Nate didn’t rate all the media hype, pre-storm frenzy

Published 12:56 pm Tuesday, October 10, 2017

Nate didn’t rate all the media hype, pre-storm frenzy

Nate failed to come close to its threat of tidal surge and inundating rains in New Orleans, but not because we didn’t try.
The city has four TV stations that cover local news and weather, and they are very competitive in normal weather. During most broadcasts anchors get in some “we-brought-you-first” claim about a nugget of news or trivia — the same claims we hear from the Memphis channels. Every one of them mobilized full staffs of on-air talent, including sports reporters, sending them to the usual southeast Louisiana trouble spots in an attempt to capture for viewers the sounds, sights and fury of the storm. Finding none, they spent hours improvising remarkably well.
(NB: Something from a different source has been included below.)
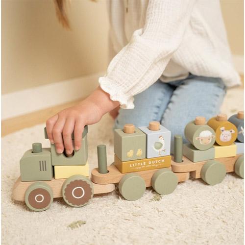 Blokkentrein tractor Little Dutch Little Farm OP=OP

All local programming Saturday and Sunday morning, including college football games, was pre-empted and moved to digital sub-channels to allow main line Nate coverage. They spread out from Grand Isle to Ysclokey for views and interviews. Every parish emergency official in southeast Louisiana eventually found his five minutes of — regional media exposure.
The coverage rotated from one location to another, with intrepid reporters trying to find some sign of Nate. If the wind rustled the branches of a tree in the camera’s view, we saw it. If the water’s surface on some canal or bayou was rippled, we saw it.
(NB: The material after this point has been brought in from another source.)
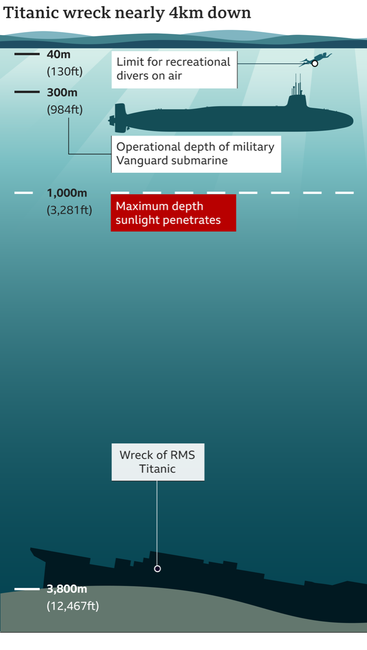 ซากเรือไททานิกจมอยู่ใต้พื้นผิวมหาสมุทรแอตแลนติกลึก 3,800 เมตร (12,500 ฟุต) หากเรือดำน้ำไททันลงไปที่ก้นทะเลแล้วและไม่สามารถกลับขึ้นมาได้ด้วยกำลังของมันเอง ทางเลือกในการกู้ภัยก็มีจำกัดมาก ปัจจุบัน มีเรือดำน้ำสำรวจทะเลลึกเพียงไม่กี่ลำที่สามารถลงไปได้ลึกขนาดนั้นในระดับเกือบสี่กิโลเมตรจากผิวน้ำ แน่นอนว่า ยานพาหนะที่ออกแบบมาสำหรับการช่วยเหลือกู้ภัยเรือดำน้ำของกองทัพเรือ ไม่สามารถดำได้ลึกขนาดนั้น ข้อมูลของ Ocean Gate บริษัทที่เป็นเจ้าของเรือดำน้ำสำรวจใต้ทะเลลึกนั้น เรือ Titan นับเป็นหนึ่งในเรือดำน้ำที่มีคนบังคับควบคุมเพียงแค่ห้าลำในโลก ที่สามารถดำลงไปถึงระดับความลึกที่ไททานิกจมอยู่ แต่เรือกู้ภัยของฝรั่งเศสที่มุ่งหน้าไปยังที่เกิดเหตุมียานดำน้ำ ROV ที่สามารถทำงาน ในระดับความลึกของซากเรือไททานิกได้

Meanwhile, shoppers flooded grocery stores, crowded gas stations, and stocked up on household storm supplies.
And there was rain, wind and high tides — most of it east of New Orleans along the Mississippi coast and even there officials voiced relief afterwards that the hurricane had not lived up to its billing.
As our neighbor said Sunday, “If we’re going to have a hurricane, that’s the kind to have.”
Or as one of the intrepid New Orleans news anchors said Saturday night around 8 p.m. after Mayor Mitch Landreau had lifted a citywide curfew originally set for 7 p.m. to 7 a.m., freeing the 40,000 or so city visitors to roam the French Quarter with impunity: “Nate is a halfacane.”